(EXERCISE GOAL): In the listing that follows, find the line with "Όπως φαίνεται στο", then copy exactly from it through the line with "El Instituto Registral", leaving out every picture.

== MATERIAL SUPPLIED

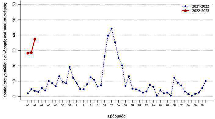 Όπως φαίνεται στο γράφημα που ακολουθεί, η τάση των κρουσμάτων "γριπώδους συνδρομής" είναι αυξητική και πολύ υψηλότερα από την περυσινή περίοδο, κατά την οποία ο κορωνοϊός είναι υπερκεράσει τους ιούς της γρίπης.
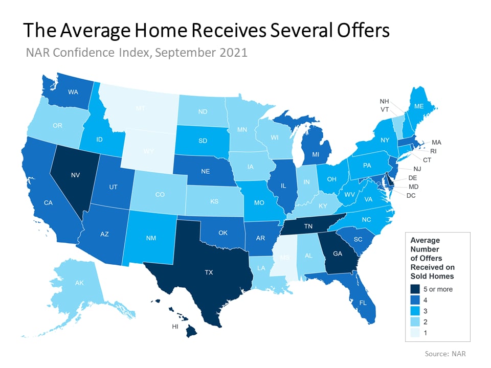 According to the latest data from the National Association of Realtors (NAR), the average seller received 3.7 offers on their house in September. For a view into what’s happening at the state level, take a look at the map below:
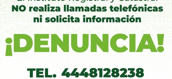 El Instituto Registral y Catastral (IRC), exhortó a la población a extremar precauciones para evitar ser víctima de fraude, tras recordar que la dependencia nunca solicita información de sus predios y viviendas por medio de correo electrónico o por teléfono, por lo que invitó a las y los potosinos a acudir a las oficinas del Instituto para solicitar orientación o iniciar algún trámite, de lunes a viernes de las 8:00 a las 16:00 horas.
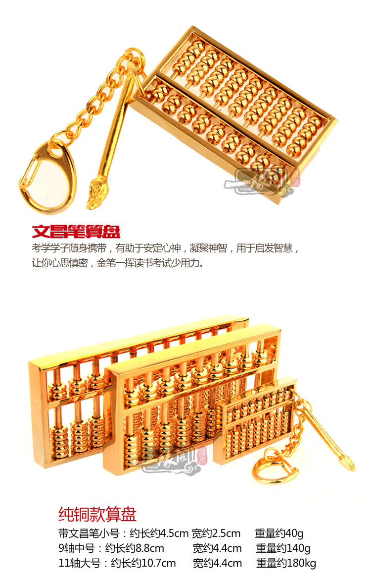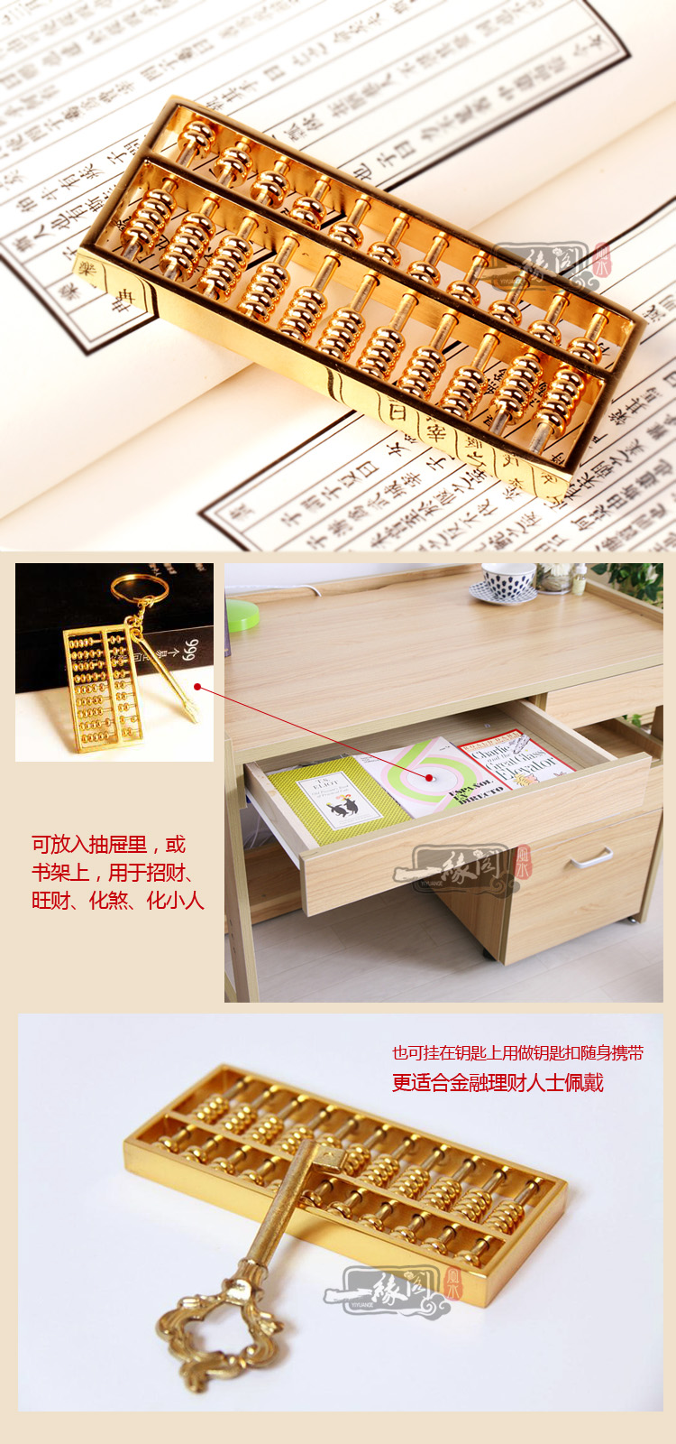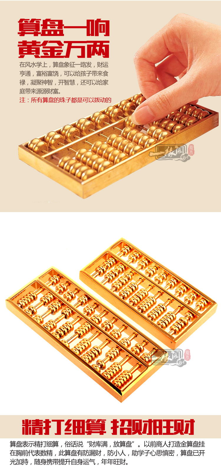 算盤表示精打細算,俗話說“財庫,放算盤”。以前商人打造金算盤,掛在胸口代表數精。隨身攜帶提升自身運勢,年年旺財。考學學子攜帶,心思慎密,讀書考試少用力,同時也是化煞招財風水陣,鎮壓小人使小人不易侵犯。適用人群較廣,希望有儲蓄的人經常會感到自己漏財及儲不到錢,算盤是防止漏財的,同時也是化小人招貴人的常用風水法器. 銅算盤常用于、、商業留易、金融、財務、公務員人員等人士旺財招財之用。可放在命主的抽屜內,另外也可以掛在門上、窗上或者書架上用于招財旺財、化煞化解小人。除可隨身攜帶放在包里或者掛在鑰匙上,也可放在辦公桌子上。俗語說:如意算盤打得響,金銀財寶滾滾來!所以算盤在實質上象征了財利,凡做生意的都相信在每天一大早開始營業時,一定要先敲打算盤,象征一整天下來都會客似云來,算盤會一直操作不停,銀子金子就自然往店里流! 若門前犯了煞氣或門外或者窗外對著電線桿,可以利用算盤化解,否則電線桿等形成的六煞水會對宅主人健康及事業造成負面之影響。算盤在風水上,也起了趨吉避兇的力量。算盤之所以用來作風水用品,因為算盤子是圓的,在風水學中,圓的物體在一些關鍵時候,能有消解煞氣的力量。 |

====
== MATERIAL SUPPLIED

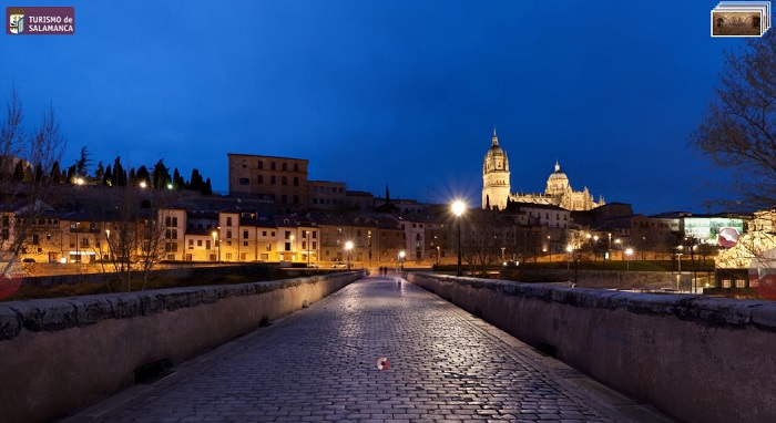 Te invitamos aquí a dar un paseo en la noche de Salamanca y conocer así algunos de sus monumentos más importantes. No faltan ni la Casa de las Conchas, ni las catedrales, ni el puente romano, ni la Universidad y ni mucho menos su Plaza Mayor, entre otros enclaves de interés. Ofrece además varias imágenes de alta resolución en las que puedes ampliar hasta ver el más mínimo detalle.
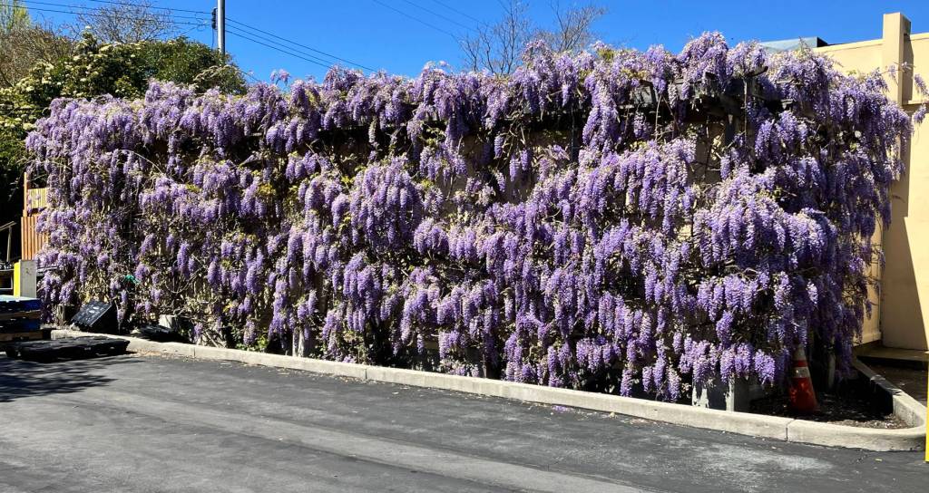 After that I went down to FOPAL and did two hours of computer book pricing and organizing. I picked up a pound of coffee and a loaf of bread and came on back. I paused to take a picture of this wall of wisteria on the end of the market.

====

(ANSWER SPACE):
 Όπως φαίνεται στο γράφημα που ακολουθεί, η τάση των κρουσμάτων "γριπώδους συνδρομής" είναι αυξητική και πολύ υψηλότερα από την περυσινή περίοδο, κατά την οποία ο κορωνοϊός είναι υπερκεράσει τους ιούς της γρίπης.
 According to the latest data from the National Association of Realtors (NAR), the average seller received 3.7 offers on their house in September. For a view into what’s happening at the state level, take a look at the map below:
 El Instituto Registral y Catastral (IRC), exhortó a la población a extremar precauciones para evitar ser víctima de fraude, tras recordar que la dependencia nunca solicita información de sus predios y viviendas por medio de correo electrónico o por teléfono, por lo que invitó a las y los potosinos a acudir a las oficinas del Instituto para solicitar orientación o iniciar algún trámite, de lunes a viernes de las 8:00 a las 16:00 horas.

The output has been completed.